_Work request_.
Below are records with pictures in them. Output exactly the lines from the one with "Podrobný popis1969 Dodge" through the one with "Ants have their", both included, and leave every picture out; give only those lines.

_Data records_.
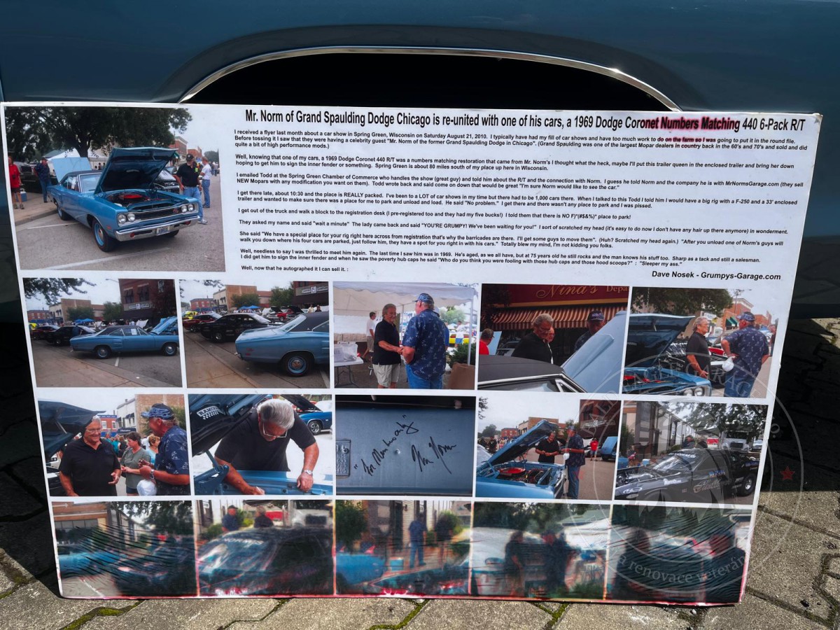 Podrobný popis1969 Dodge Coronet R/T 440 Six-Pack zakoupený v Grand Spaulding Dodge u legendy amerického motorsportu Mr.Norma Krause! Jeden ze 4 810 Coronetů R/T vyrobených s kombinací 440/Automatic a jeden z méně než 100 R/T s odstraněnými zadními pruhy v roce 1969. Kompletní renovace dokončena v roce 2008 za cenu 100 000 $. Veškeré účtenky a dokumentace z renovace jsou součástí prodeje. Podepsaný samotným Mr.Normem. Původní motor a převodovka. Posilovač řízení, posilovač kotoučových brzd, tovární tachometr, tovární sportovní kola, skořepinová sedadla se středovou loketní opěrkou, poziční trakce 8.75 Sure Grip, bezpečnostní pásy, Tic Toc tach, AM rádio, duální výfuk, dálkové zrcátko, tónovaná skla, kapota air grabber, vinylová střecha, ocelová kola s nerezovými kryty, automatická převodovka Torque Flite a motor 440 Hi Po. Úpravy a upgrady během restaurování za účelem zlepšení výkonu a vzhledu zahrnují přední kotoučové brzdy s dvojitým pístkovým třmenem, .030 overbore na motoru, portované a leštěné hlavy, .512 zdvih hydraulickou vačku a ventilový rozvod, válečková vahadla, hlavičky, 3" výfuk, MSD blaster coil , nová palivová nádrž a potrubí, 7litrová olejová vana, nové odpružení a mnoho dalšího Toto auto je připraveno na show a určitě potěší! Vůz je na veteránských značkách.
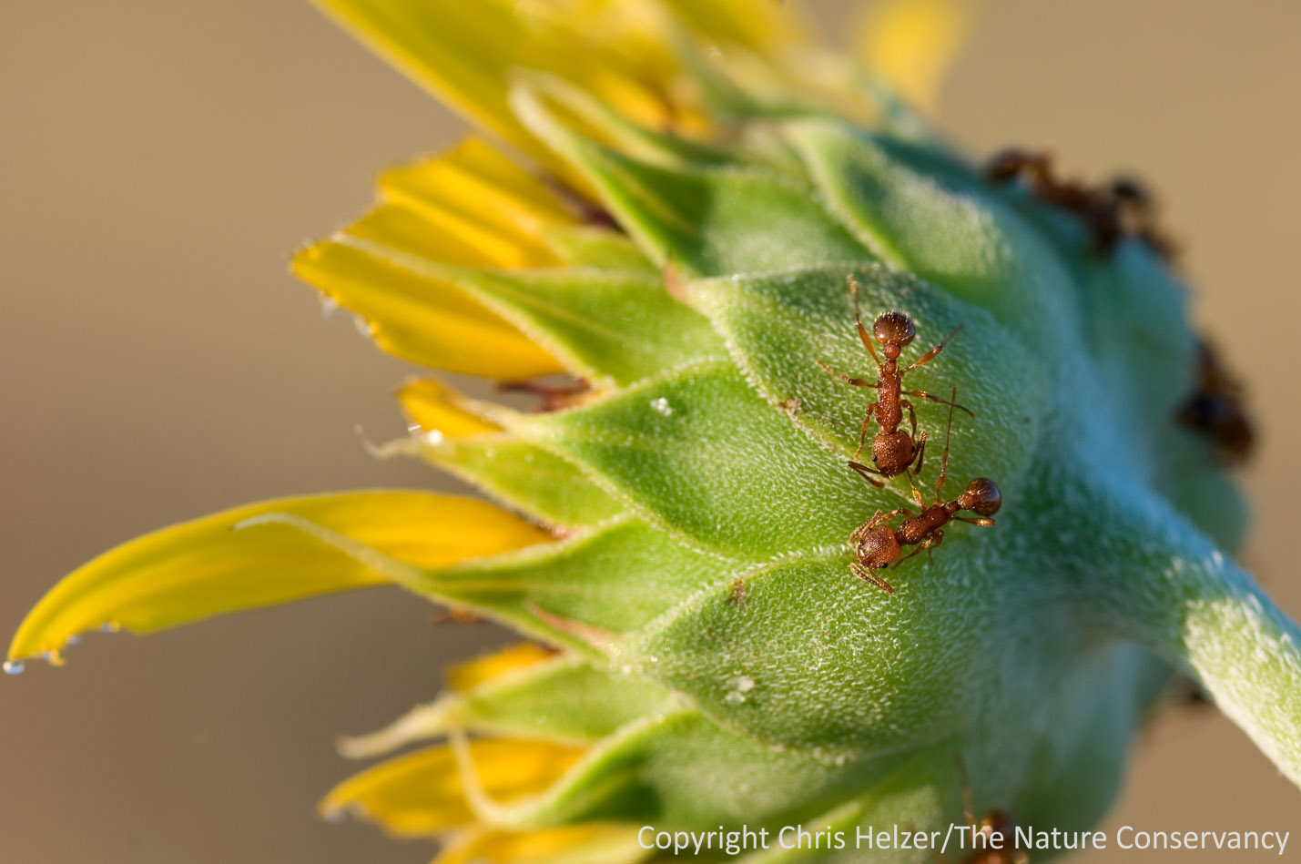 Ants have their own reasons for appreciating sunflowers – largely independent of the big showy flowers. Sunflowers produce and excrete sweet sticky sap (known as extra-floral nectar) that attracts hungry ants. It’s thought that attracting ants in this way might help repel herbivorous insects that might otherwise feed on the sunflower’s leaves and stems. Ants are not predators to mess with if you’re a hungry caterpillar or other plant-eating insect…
==
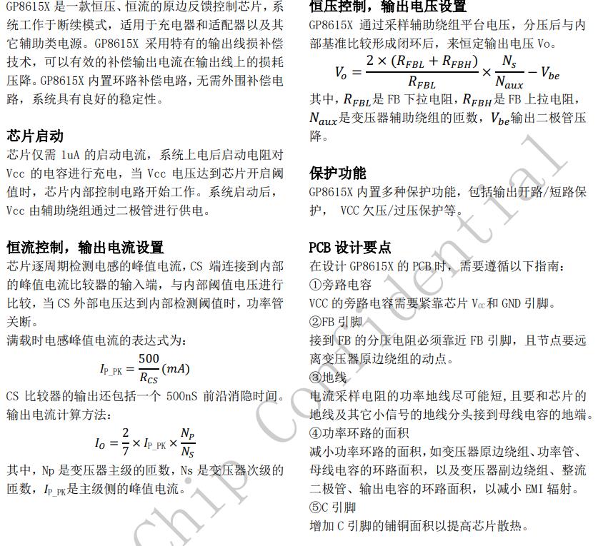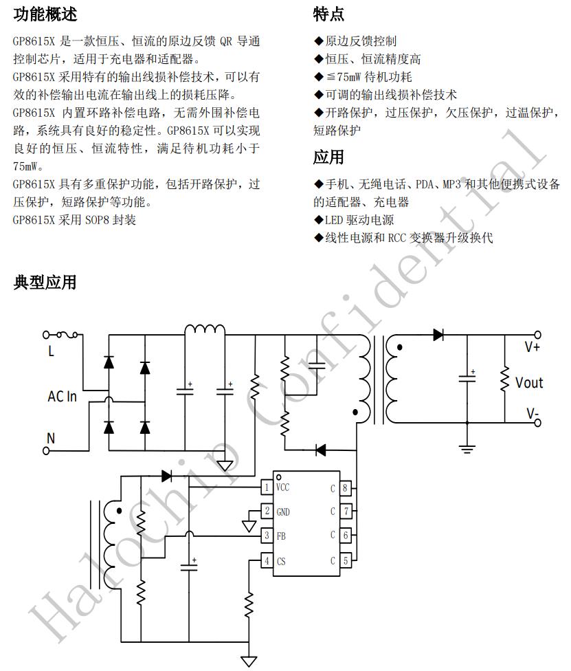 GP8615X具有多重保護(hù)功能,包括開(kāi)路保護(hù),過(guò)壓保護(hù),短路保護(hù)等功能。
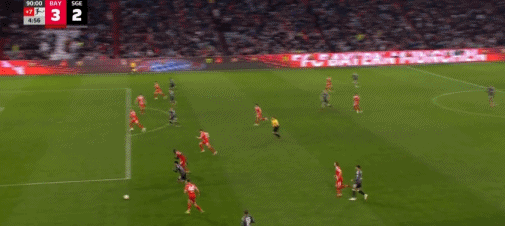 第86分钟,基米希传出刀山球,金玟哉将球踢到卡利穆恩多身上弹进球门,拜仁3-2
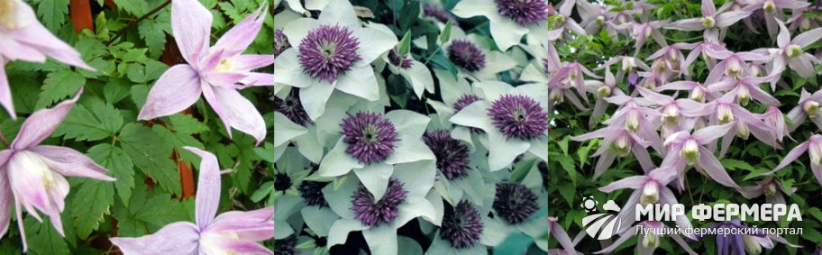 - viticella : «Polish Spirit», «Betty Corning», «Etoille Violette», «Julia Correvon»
* * *
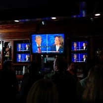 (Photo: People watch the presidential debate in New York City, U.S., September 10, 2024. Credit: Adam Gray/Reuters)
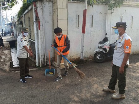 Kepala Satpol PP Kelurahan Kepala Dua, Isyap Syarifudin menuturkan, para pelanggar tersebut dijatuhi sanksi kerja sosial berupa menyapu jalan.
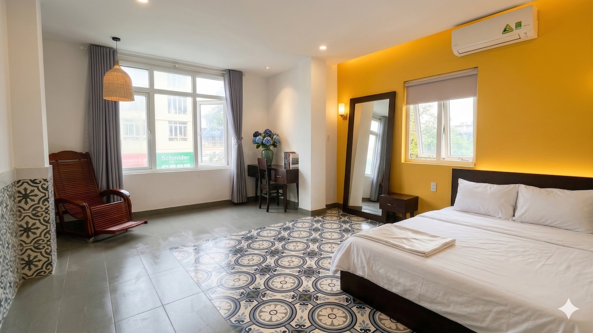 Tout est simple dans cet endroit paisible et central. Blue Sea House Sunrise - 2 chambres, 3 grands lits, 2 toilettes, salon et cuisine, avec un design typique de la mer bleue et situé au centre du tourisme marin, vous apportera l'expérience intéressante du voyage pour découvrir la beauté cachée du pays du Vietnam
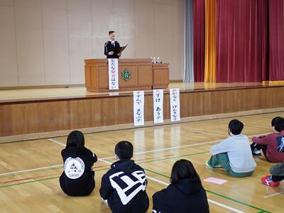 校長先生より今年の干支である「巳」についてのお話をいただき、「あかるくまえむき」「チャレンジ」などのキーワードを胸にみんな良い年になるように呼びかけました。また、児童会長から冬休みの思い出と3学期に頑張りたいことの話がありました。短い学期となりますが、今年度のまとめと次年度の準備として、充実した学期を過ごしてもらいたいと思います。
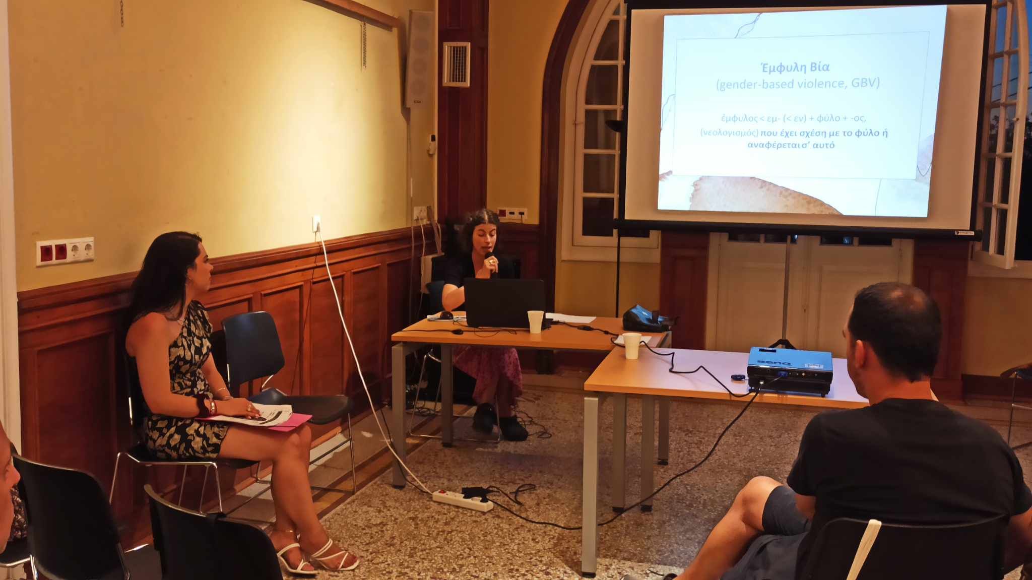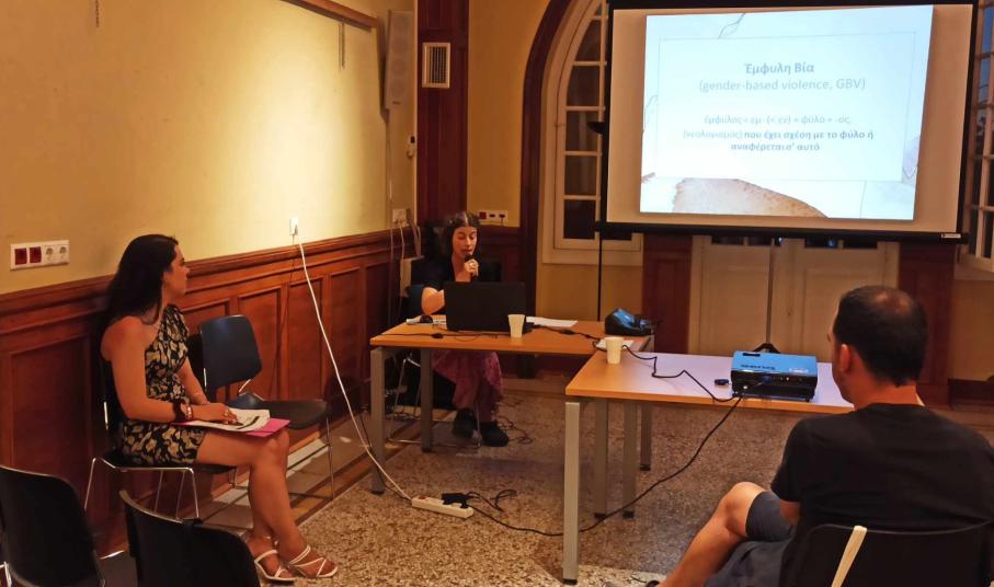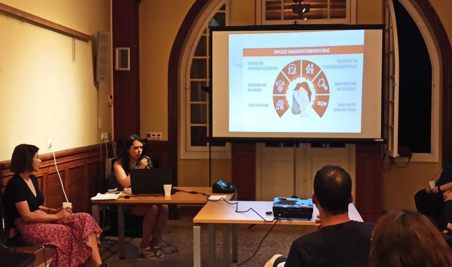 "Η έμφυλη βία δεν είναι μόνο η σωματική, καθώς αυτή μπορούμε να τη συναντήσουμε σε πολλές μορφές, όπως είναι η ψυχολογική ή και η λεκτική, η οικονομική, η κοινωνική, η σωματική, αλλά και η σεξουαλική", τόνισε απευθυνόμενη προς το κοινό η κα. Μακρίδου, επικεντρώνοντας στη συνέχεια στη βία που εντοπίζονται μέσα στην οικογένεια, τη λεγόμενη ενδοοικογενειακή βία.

_Exercise output_.
 Podrobný popis1969 Dodge Coronet R/T 440 Six-Pack zakoupený v Grand Spaulding Dodge u legendy amerického motorsportu Mr.Norma Krause! Jeden ze 4 810 Coronetů R/T vyrobených s kombinací 440/Automatic a jeden z méně než 100 R/T s odstraněnými zadními pruhy v roce 1969. Kompletní renovace dokončena v roce 2008 za cenu 100 000 $. Veškeré účtenky a dokumentace z renovace jsou součástí prodeje. Podepsaný samotným Mr.Normem. Původní motor a převodovka. Posilovač řízení, posilovač kotoučových brzd, tovární tachometr, tovární sportovní kola, skořepinová sedadla se středovou loketní opěrkou, poziční trakce 8.75 Sure Grip, bezpečnostní pásy, Tic Toc tach, AM rádio, duální výfuk, dálkové zrcátko, tónovaná skla, kapota air grabber, vinylová střecha, ocelová kola s nerezovými kryty, automatická převodovka Torque Flite a motor 440 Hi Po. Úpravy a upgrady během restaurování za účelem zlepšení výkonu a vzhledu zahrnují přední kotoučové brzdy s dvojitým pístkovým třmenem, .030 overbore na motoru, portované a leštěné hlavy, .512 zdvih hydraulickou vačku a ventilový rozvod, válečková vahadla, hlavičky, 3" výfuk, MSD blaster coil , nová palivová nádrž a potrubí, 7litrová olejová vana, nové odpružení a mnoho dalšího Toto auto je připraveno na show a určitě potěší! Vůz je na veteránských značkách.
 Ants have their own reasons for appreciating sunflowers – largely independent of the big showy flowers. Sunflowers produce and excrete sweet sticky sap (known as extra-floral nectar) that attracts hungry ants. It’s thought that attracting ants in this way might help repel herbivorous insects that might otherwise feed on the sunflower’s leaves and stems. Ants are not predators to mess with if you’re a hungry caterpillar or other plant-eating insect…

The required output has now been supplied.